Task directions: Emit a verbatim copy of the lines below from the line with "In soft deerskin, these" through the line with "CZ Birthstone Heart", excluding pictures and everything outside that range.

Data for this exercise:
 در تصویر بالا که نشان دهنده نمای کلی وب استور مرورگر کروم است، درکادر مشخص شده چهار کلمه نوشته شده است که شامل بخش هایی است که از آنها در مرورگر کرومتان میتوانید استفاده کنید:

---

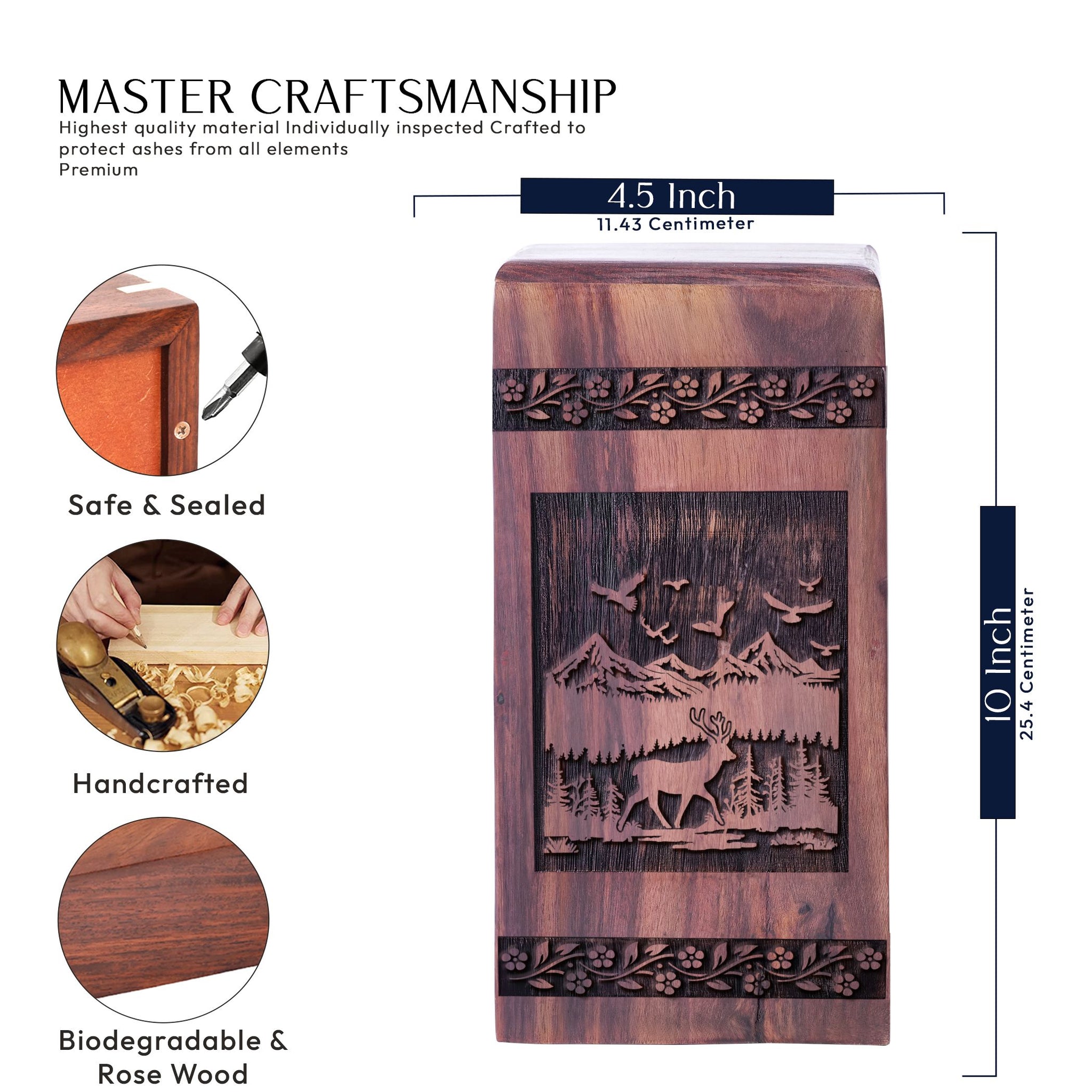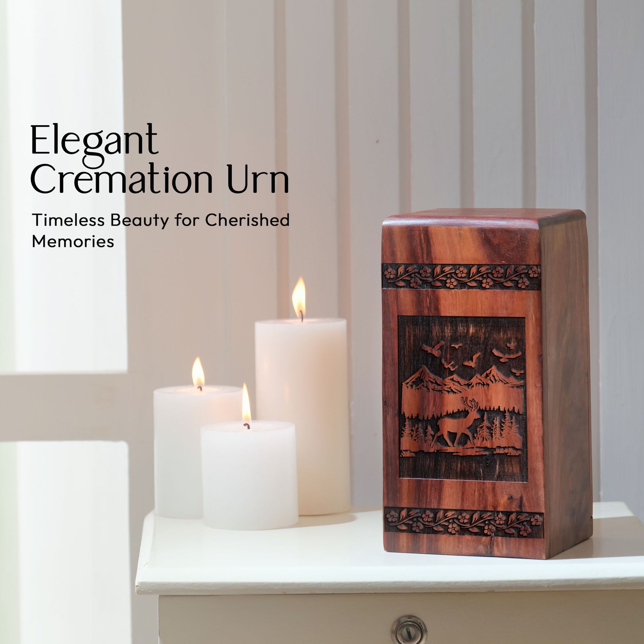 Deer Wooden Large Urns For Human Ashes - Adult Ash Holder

==

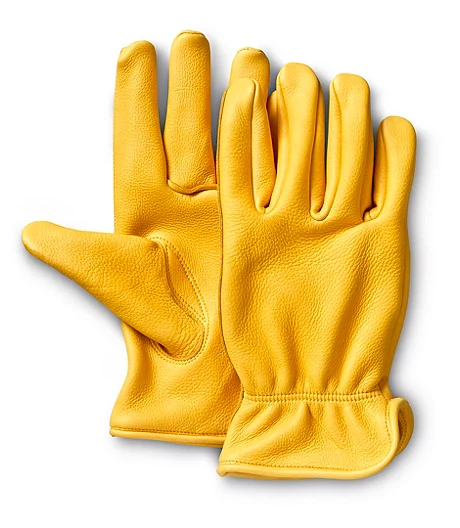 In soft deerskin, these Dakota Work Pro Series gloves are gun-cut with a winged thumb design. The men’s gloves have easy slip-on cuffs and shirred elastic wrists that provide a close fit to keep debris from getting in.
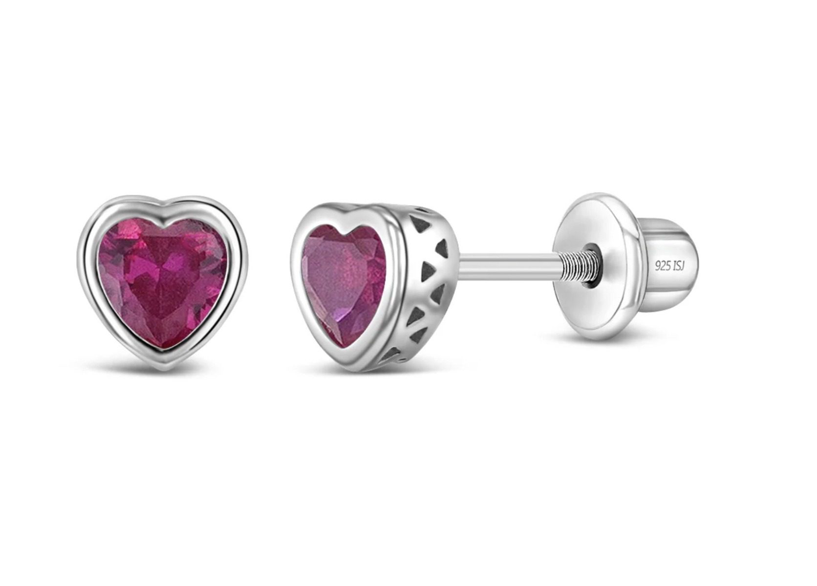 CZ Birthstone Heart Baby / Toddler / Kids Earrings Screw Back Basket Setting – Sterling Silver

Result of this exercise:
 In soft deerskin, these Dakota Work Pro Series gloves are gun-cut with a winged thumb design. The men’s gloves have easy slip-on cuffs and shirred elastic wrists that provide a close fit to keep debris from getting in.
 CZ Birthstone Heart Baby / Toddler / Kids Earrings Screw Back Basket Setting – Sterling Silver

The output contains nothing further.